TASK STATEMENT:
The response should contain all of the data below, reproduced exactly, and no pictures.

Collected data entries
────────

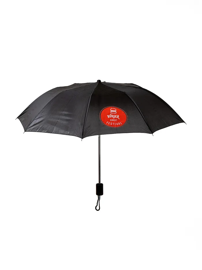 Černý skládací deštník s červeným logem Burger Street Festivalu. Lehký, skladný a vždy po ruce – protože pravý fanoušek jde na burger za každého počasí.
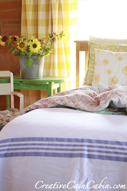 I have had so many people comment on the flannel hospital blanket that I used on the bed in our master bedroom.
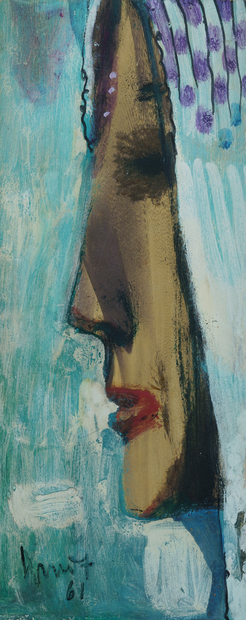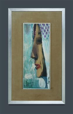 KMIT, Michael (1910-1981) Profile Portrait, 1961. Signed and dated lower left. Oil on Board 37.5x15cm PROVENANCE: Philip Bacon Galleries, Brisbane (label verso); The Estate of the Late Douglas Black, Queensland.Estimate $800-1,500
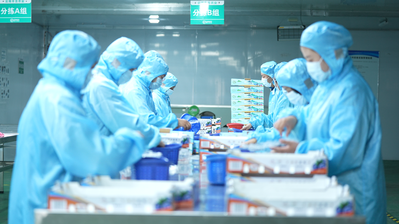 蓝莓分拣。澄江市融媒体中心 杨洪龙 摄
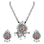 HomeFashionNecklaceI Jewels Navratri Ethnic Stylish Silver Oxidised Krishna Murli and Feather Long Necklace With Earring Jewellery Set for Women And Girls (MC152OX)
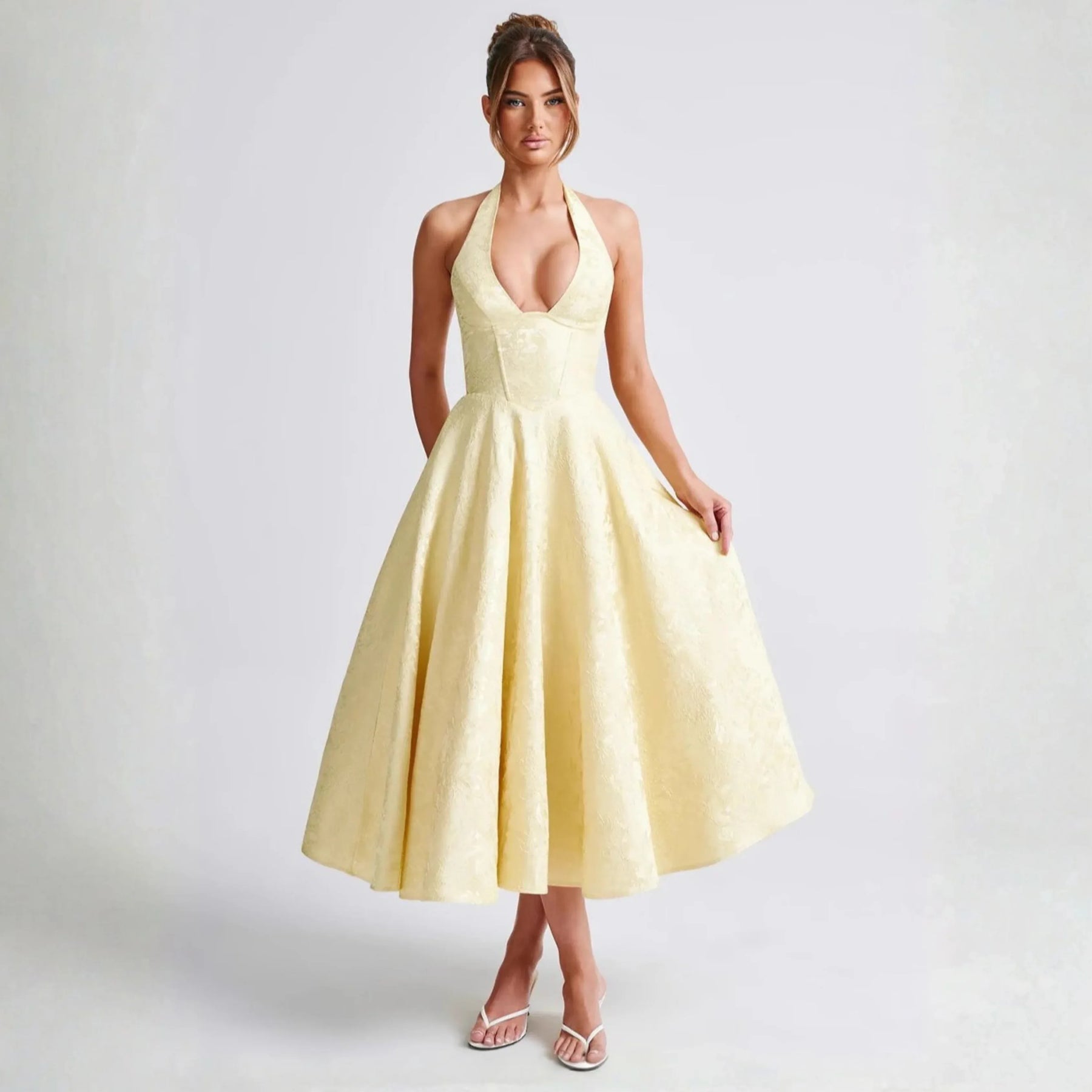 Why Choose ZIORA™ - Chic Low Cut Sleeveless Open Back A-Line Halter Maxi Dress?

────────

SOLUTION FOR THIS TASK:
 Černý skládací deštník s červeným logem Burger Street Festivalu. Lehký, skladný a vždy po ruce – protože pravý fanoušek jde na burger za každého počasí.
 I have had so many people comment on the flannel hospital blanket that I used on the bed in our master bedroom.
 KMIT, Michael (1910-1981) Profile Portrait, 1961. Signed and dated lower left. Oil on Board 37.5x15cm PROVENANCE: Philip Bacon Galleries, Brisbane (label verso); The Estate of the Late Douglas Black, Queensland.Estimate $800-1,500
 蓝莓分拣。澄江市融媒体中心 杨洪龙 摄
 HomeFashionNecklaceI Jewels Navratri Ethnic Stylish Silver Oxidised Krishna Murli and Feather Long Necklace With Earring Jewellery Set for Women And Girls (MC152OX)
 Why Choose ZIORA™ - Chic Low Cut Sleeveless Open Back A-Line Halter Maxi Dress?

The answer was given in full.